== Activity ==
Exclude the pictures, then restate exactly each line of the data below from the first through the line containing "Hjemmebygget spisebord i".

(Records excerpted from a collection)
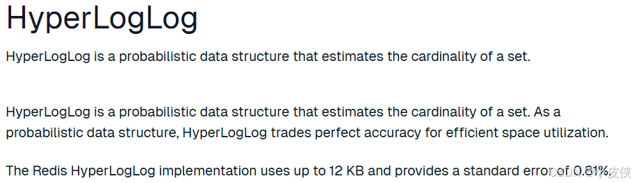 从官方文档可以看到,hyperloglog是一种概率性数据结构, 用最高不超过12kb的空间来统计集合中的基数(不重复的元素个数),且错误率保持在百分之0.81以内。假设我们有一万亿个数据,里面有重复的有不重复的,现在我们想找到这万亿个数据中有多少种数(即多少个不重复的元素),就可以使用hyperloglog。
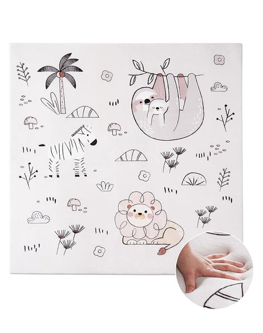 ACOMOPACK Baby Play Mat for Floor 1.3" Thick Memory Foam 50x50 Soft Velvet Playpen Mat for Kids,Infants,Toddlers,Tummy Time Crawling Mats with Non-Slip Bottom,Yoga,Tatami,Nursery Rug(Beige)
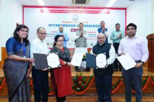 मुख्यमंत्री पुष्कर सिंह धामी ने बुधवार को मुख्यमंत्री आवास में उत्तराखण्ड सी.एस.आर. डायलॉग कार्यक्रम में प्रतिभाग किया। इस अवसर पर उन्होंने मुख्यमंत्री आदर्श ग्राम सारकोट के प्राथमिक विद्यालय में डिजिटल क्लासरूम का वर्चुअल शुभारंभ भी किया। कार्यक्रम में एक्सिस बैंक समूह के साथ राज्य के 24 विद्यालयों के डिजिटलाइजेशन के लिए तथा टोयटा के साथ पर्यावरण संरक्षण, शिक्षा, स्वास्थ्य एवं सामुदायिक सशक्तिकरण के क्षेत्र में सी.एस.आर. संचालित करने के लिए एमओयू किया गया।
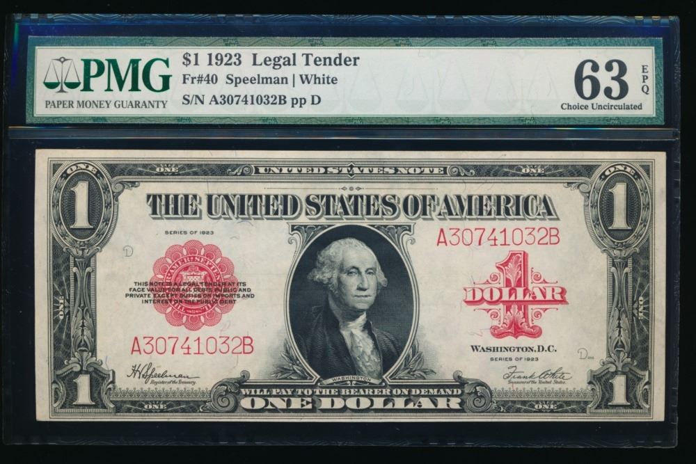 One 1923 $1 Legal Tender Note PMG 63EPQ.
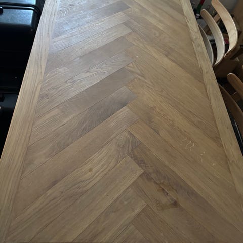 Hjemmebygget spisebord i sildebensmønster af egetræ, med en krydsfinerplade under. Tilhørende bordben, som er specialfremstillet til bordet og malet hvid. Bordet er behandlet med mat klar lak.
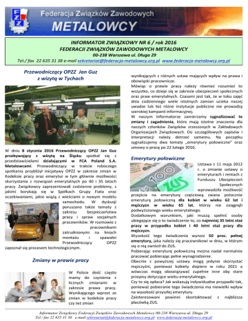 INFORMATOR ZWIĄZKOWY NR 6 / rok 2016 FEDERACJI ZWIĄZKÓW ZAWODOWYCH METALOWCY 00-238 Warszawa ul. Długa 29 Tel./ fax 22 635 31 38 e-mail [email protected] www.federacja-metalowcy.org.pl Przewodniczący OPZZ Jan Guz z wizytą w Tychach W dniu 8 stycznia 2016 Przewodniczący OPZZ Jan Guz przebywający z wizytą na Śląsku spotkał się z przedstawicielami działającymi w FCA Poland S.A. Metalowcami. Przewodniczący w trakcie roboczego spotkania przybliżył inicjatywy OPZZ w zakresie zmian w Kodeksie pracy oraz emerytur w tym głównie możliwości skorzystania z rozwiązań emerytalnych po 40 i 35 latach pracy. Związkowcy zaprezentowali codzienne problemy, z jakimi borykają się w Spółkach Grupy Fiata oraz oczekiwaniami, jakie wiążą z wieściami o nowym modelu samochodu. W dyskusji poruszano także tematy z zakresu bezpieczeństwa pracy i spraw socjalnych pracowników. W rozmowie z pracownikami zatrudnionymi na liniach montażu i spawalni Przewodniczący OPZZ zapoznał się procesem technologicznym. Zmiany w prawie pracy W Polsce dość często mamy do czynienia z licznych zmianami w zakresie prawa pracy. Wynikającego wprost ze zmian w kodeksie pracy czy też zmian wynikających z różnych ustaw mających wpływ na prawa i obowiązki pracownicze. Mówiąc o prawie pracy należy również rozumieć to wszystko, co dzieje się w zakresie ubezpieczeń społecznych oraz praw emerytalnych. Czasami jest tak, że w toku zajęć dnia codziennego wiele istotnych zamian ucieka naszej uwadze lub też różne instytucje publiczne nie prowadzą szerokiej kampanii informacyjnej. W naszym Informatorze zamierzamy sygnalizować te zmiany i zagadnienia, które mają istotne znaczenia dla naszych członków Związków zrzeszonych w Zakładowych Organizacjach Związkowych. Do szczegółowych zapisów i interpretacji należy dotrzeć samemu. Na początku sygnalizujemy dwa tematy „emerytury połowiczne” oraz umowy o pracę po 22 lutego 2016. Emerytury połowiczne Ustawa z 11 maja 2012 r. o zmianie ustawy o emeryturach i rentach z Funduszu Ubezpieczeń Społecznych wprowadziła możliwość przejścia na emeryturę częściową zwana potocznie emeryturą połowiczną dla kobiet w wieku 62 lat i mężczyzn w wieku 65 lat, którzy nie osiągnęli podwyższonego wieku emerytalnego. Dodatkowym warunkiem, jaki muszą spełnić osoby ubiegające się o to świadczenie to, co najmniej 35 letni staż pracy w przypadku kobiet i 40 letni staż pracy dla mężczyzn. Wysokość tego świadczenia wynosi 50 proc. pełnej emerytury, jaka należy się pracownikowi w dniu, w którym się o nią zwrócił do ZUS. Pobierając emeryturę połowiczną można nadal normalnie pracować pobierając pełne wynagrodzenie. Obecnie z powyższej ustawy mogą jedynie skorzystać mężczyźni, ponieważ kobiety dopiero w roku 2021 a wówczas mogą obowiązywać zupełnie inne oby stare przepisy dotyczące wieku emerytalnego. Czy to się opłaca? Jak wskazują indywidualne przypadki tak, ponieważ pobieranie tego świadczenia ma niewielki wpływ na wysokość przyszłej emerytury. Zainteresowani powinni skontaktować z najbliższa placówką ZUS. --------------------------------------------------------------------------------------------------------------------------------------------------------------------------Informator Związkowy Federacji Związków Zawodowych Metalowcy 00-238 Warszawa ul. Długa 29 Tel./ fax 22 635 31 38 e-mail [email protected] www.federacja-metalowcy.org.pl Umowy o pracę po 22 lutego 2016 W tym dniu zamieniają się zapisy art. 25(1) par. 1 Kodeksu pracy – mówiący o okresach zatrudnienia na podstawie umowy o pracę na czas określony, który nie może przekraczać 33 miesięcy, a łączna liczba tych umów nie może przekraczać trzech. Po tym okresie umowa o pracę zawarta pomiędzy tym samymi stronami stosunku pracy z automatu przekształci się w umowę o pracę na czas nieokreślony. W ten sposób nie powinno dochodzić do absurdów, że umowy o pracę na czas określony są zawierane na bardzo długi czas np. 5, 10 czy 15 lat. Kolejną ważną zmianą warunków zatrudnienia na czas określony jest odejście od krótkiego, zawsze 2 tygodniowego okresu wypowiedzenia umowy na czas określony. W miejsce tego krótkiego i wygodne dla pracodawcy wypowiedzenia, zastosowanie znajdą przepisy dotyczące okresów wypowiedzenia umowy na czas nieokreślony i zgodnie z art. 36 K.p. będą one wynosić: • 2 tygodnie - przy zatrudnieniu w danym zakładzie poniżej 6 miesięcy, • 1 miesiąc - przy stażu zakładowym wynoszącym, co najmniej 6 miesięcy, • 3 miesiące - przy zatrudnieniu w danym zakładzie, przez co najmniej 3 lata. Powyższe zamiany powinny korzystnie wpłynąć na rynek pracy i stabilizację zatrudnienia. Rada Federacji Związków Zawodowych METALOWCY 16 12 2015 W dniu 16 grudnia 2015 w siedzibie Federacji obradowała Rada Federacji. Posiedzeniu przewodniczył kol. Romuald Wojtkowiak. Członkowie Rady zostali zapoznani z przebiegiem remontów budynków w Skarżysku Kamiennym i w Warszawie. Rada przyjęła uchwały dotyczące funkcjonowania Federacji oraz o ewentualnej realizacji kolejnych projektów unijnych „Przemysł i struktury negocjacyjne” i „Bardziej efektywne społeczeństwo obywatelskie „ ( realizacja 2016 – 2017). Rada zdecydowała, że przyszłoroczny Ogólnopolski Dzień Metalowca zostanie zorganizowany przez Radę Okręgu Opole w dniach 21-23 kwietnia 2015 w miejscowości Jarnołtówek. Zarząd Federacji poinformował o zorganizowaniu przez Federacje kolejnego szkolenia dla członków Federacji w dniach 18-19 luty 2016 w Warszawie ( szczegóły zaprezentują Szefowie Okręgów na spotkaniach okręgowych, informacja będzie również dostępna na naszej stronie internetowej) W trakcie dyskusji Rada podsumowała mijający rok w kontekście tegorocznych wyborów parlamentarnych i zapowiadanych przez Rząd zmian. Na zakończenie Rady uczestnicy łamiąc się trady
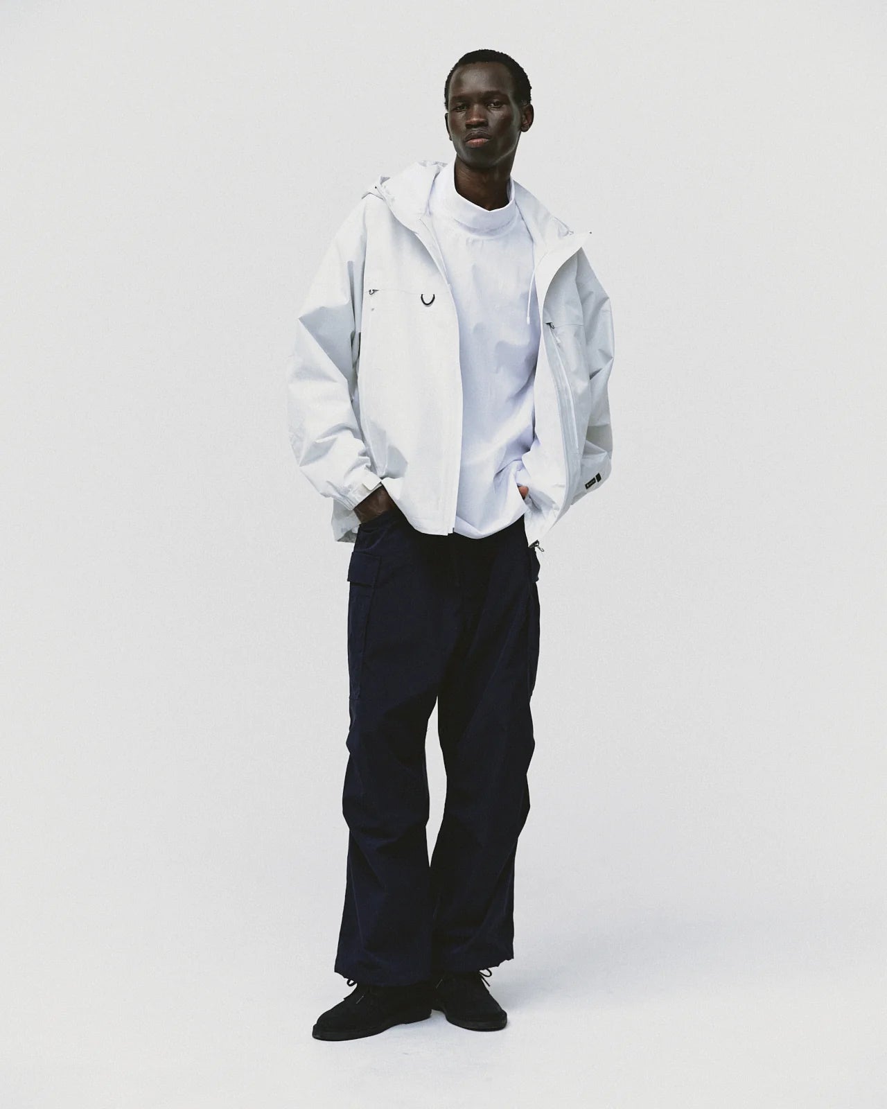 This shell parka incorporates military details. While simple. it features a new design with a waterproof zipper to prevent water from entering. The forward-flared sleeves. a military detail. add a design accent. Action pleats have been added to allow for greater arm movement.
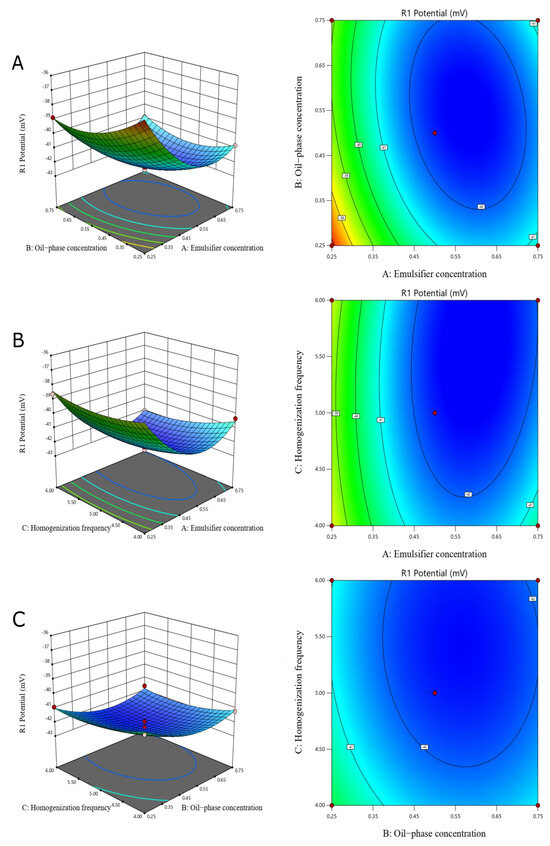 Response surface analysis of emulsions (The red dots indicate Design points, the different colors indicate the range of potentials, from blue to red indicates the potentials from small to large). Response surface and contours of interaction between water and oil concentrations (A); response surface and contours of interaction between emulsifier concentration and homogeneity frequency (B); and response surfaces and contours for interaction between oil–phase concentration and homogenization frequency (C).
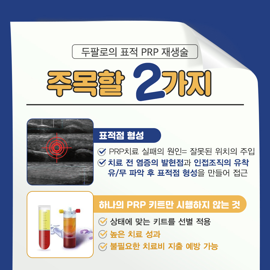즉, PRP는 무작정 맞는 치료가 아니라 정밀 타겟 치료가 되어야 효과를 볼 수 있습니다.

== Answer box ==
 从官方文档可以看到,hyperloglog是一种概率性数据结构, 用最高不超过12kb的空间来统计集合中的基数(不重复的元素个数),且错误率保持在百分之0.81以内。假设我们有一万亿个数据,里面有重复的有不重复的,现在我们想找到这万亿个数据中有多少种数(即多少个不重复的元素),就可以使用hyperloglog。
 ACOMOPACK Baby Play Mat for Floor 1.3" Thick Memory Foam 50x50 Soft Velvet Playpen Mat for Kids,Infants,Toddlers,Tummy Time Crawling Mats with Non-Slip Bottom,Yoga,Tatami,Nursery Rug(Beige)
 मुख्यमंत्री पुष्कर सिंह धामी ने बुधवार को मुख्यमंत्री आवास में उत्तराखण्ड सी.एस.आर. डायलॉग कार्यक्रम में प्रतिभाग किया। इस अवसर पर उन्होंने मुख्यमंत्री आदर्श ग्राम सारकोट के प्राथमिक विद्यालय में डिजिटल क्लासरूम का वर्चुअल शुभारंभ भी किया। कार्यक्रम में एक्सिस बैंक समूह के साथ राज्य के 24 विद्यालयों के डिजिटलाइजेशन के लिए तथा टोयटा के साथ पर्यावरण संरक्षण, शिक्षा, स्वास्थ्य एवं सामुदायिक सशक्तिकरण के क्षेत्र में सी.एस.आर. संचालित करने के लिए एमओयू किया गया।
 One 1923 $1 Legal Tender Note PMG 63EPQ.
 Hjemmebygget spisebord i sildebensmønster af egetræ, med en krydsfinerplade under. Tilhørende bordben, som er specialfremstillet til bordet og malet hvid. Bordet er behandlet med mat klar lak.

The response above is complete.